What is needed: The copy should run from the line containing "Hydra's view house" through the last line of the entries below, exactly as written, with pictures omitted.

Exercise input:
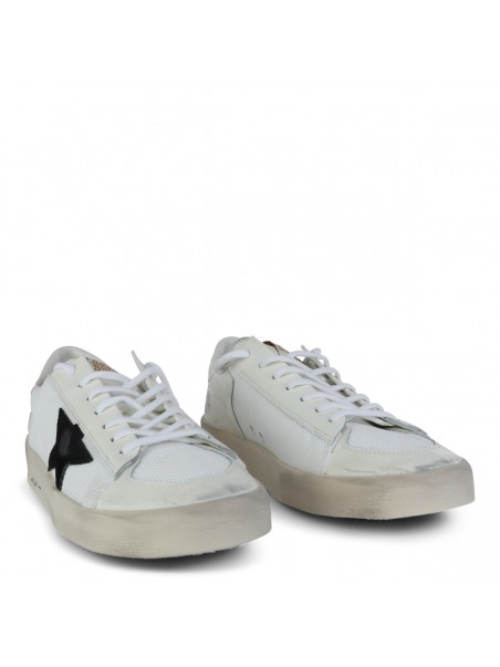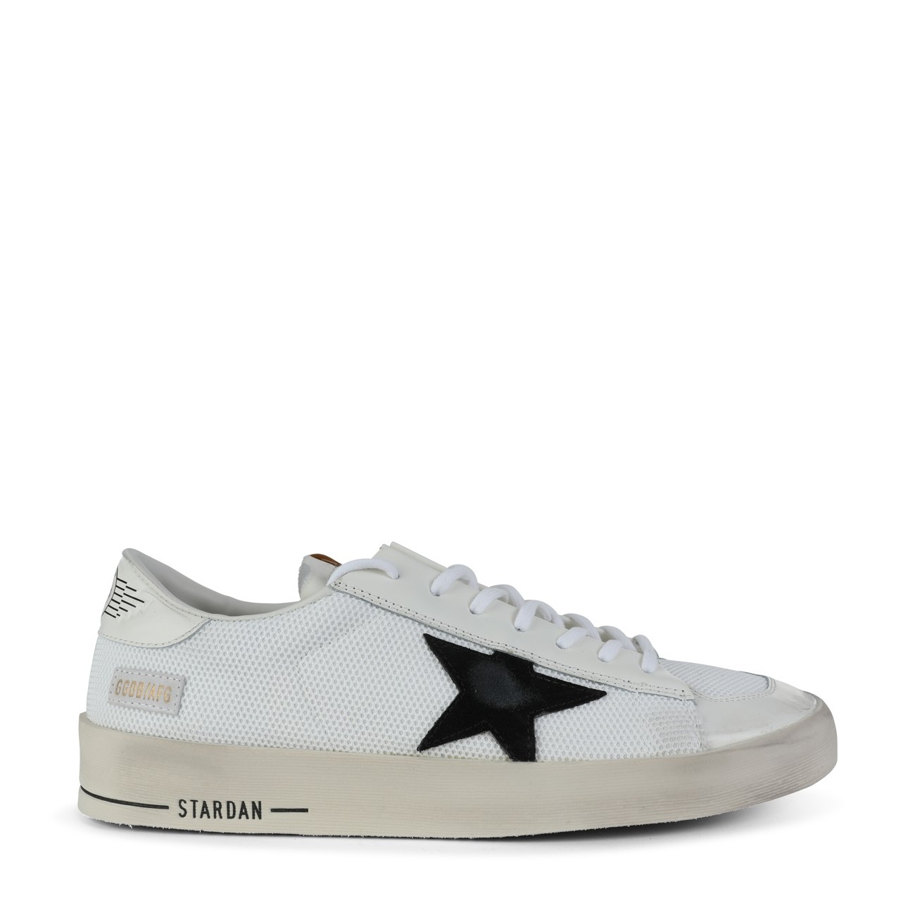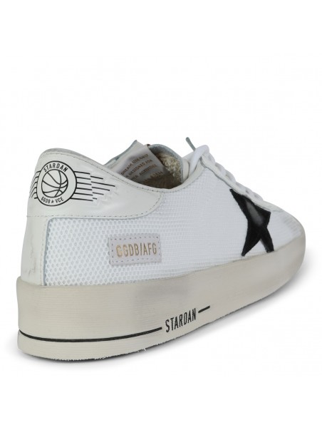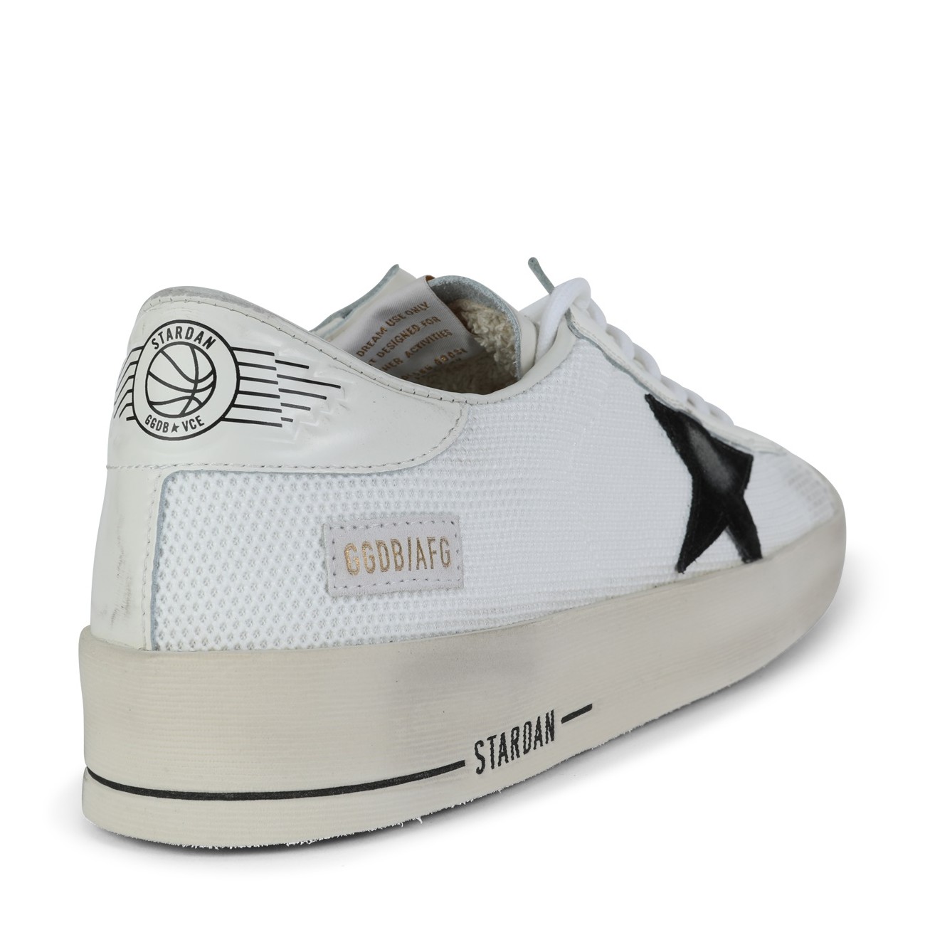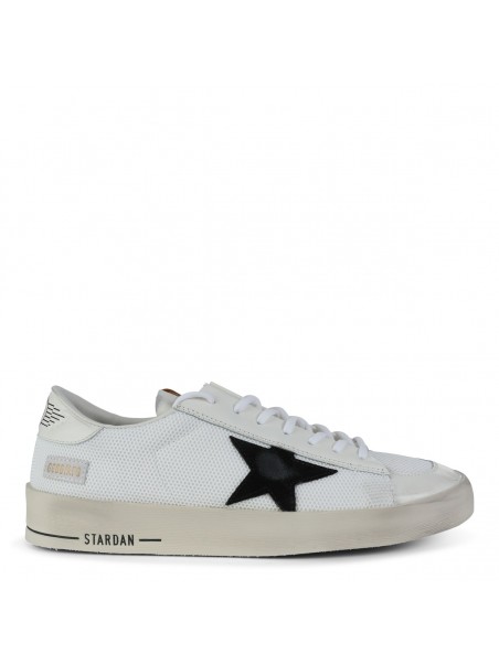White and black leather Stardan sneakers from Golden Goose featuring round toe, cotton laces fastening, flat rubber sole, reinforced heel, logo and star patch detail.
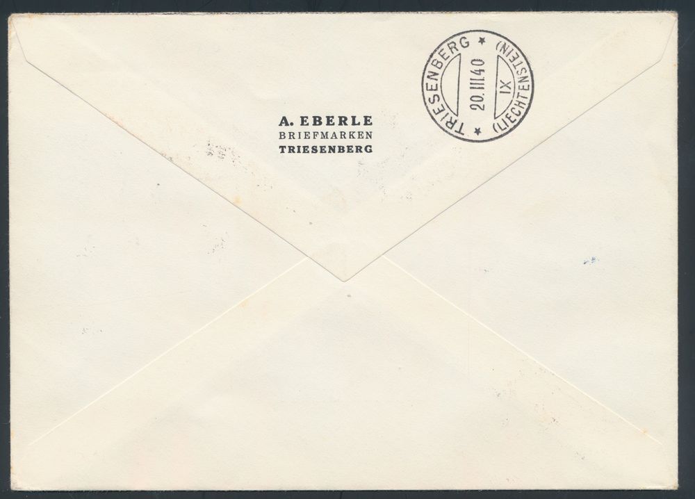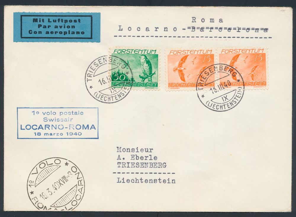 4322 image16.3.1940 N° 92 (Mi. Zeppelin Specialised), Locarno-Roma Swissair First Flight cover sent to and from Triesenberg, 80rp airmail franking, special flight cachet in blue and Rome landing c.d.s. on the front, and Triesenberg final arrival c.d.s. on the back, vf(Image 1) (Image 2)
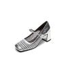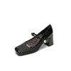 QSDD/7cm small summer square head woven Mary Jane breathable sandals pearl word with shallow mouth commuter woman
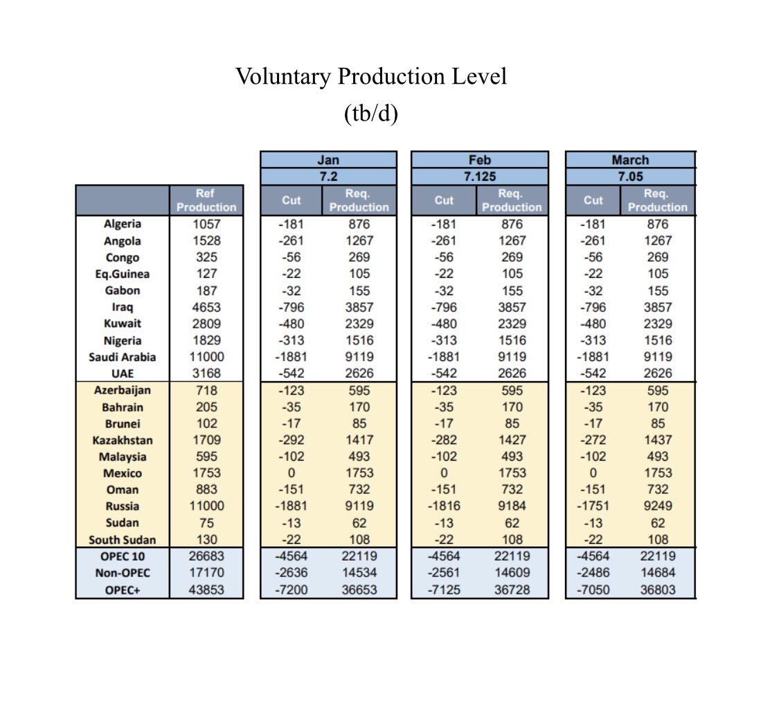 The rest of the Organization of Petroleum Exporting Countries and its allies will hold their output steady in February and March, according to the communique
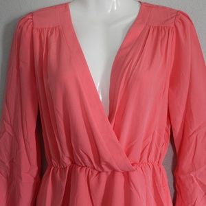 Beautiful coral dress, with a low cut v-neck.
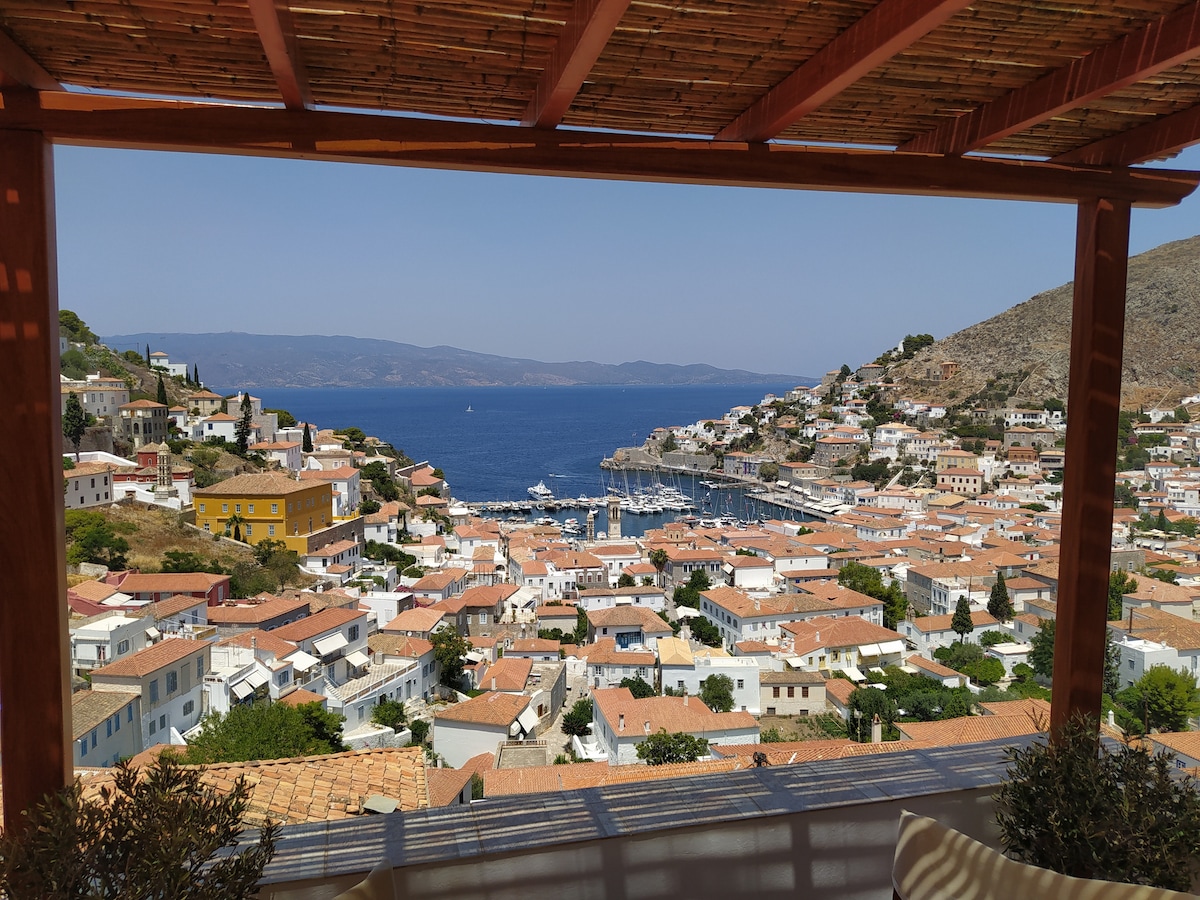 Hydra's view house is an accomondation in the centre of the island providing a panoramic view of Hydra and its port which you can enjoy from the house's rooftop as well as its bedrooms. The house has got a fully equipped kitchen for the preparation of your daily breakfast, lunch or dinner. The living room and the bedrooms provide their own TV, air-condition and WiFi. Also, the house is only 10-12 minutes away from the port to the centre of the island dy foot following a road with stairs.
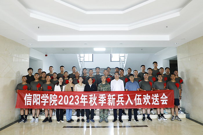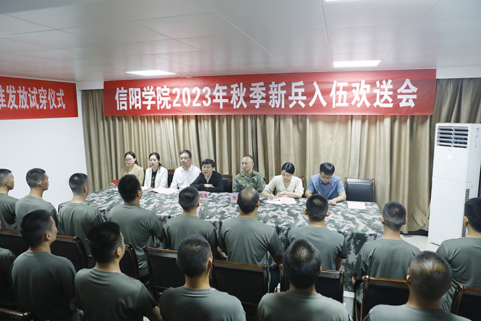 9月12日上午,信阳学院2023年秋季应征入伍学生欢送仪式在浉河区人民武装部新兵集训基地四楼会议室举行。校党委专职副书记施昌海、浉河区人民武装部政委张志勇出席活动。学工部、人民武装部负责人和部分学院党总支书记,即将奔赴军营、献身国防的新兵代表共同参加了此次活动。

Written response:
 Hydra's view house is an accomondation in the centre of the island providing a panoramic view of Hydra and its port which you can enjoy from the house's rooftop as well as its bedrooms. The house has got a fully equipped kitchen for the preparation of your daily breakfast, lunch or dinner. The living room and the bedrooms provide their own TV, air-condition and WiFi. Also, the house is only 10-12 minutes away from the port to the centre of the island dy foot following a road with stairs.
 9月12日上午,信阳学院2023年秋季应征入伍学生欢送仪式在浉河区人民武装部新兵集训基地四楼会议室举行。校党委专职副书记施昌海、浉河区人民武装部政委张志勇出席活动。学工部、人民武装部负责人和部分学院党总支书记,即将奔赴军营、献身国防的新兵代表共同参加了此次活动。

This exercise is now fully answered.